Артём уверенно постучал – условным манером – в тёмно-рыжую дверь. Примерно через полторы-две минуты раздались едва слышимые щелчки, и дверь – с тихим шелестом – на половину «отодвинулась» в сторону, то есть, частично «утонула» в стене.

– Заходите, усталые странники! – доброжелательно пророкотал густой бас. – Наша скромная обитель открыта для всех, кто чист сердцем и помыслами! Об одном, лишь, прошу, гости дорогие. Оставьте тёмные помыслы и гордыню излишнюю – за порогом…

– Поп, что ли? – испуганно шепнула Таня. – Не доверяю я им, речистым. Сама не знаю, почему, но не доверяю…

Встретивший их широкоплечий мужик – внешним обликом – совершенно не напоминал служителя культа. Скорее, наоборот, являлся классическим воплощением такого небезызвестного термина-понятия, как «отвязанный наёмник, жизнь вволю понюхавший и разные виды видавший…». Лет пятидесяти пяти, низенький, кряжистый, в стареньком тельнике, с коротким седым ёжиком на круглой голове и с приметным шрамом на характерной рязанской физиономии. Шрам – толстый, багрово-фиолетовый – уверенно змеился от правого виска – через толстый нос – к левой скуле волевого подбородка.

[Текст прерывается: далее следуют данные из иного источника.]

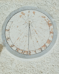 :: DESCRIPCIÓ: Circular, presidit per un sol-estrella d'on surt el gnòmon. Te línies horàries i numeració aràbica; marca de 6 del matí a de la tarda.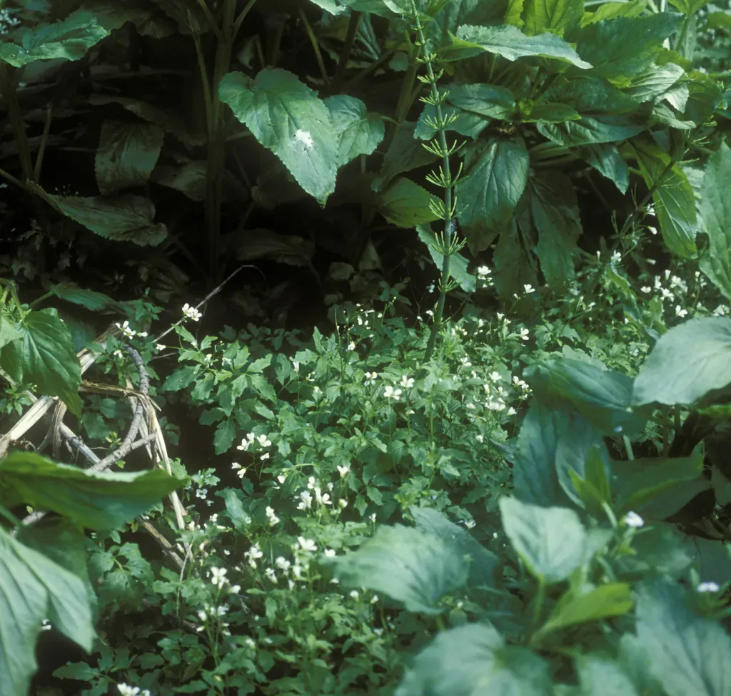 Large Bitter-cress (Cardamine Amara) is a perennial herb in the Brassicaceae family with easy care difficulty. It requires high watering and partial shade or full shade light in USDA hardiness zones 5-8. This plant is safe for cats and dogs.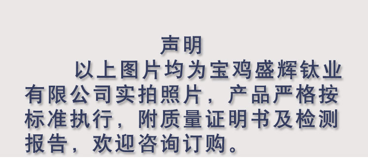 寶雞盛輝鈦業有限公司是一家主要從事鈦及鈦合金棒,鈦環,鈦法蘭及鈦合金板材的高新技術企業,公司提供鈦環,鈦合金棒批發,鈦環的生產工藝服務,以人為本,質量取勝為宗旨:18791863990,18740375975

Татьяна непроизвольно охнула, но, быстро взяв себя в руки, вежливо поздоровалась:

– Долгих лет вам, дяденька! И крепкого здоровья – до самой смерти!

– Спасибо на добром слове, девонька! – жизнерадостно откликнулся седой крепыш и неожиданно загрустил. – Везёт же некоторым бестолковым костоломам! Такие симпатичные и правильные девчонки им достаются – только слюнки текут от белой зависти… Где же вы их находите, бродяги удачливые? Мне, вот, лично – на тернистом жизненном Пути – ни одной такой не встретилось. Так, только лахудры одни, с дешёвыми лярвами вперемешку. Ну, за исключением редких моментов, – смущённо, будто вспомнив нечто бесконечно-приятное, замолчал.

– Привет, Горыныч! – Артём с чувством пожал широкую ладонь крепыша. – Смотрю, славная компания подобралась. Боря Мельников, Лёха Никоненко, теперь, вот, ты. Случайное совпадение, надо думать?

– Оно, майор! Оно, родимое! – невесело хохотнул Горыныч. – Вообще-то, мы с Лёхой последнее время – примерно года полтора – кувыркались на Таймыре. Проект «Глонас», будь он неладен. Т-с-с! – поднёс корявый указательный палец к губам. – Секретность страшная, мать её… А два месяца назад из Москвы пришёл приказ – без промедлений следовать в славный Питер. Пару недель просидели в спецкоманде на «Кировском заводе», потом – на «Маяковской», несколько суток назад перевели сюда. Борис Иванович тоже здесь недавно, месяца три с половиной. Его из Владивостока срочно вызвали. Хорошо ещё, что семью с собой не потащил…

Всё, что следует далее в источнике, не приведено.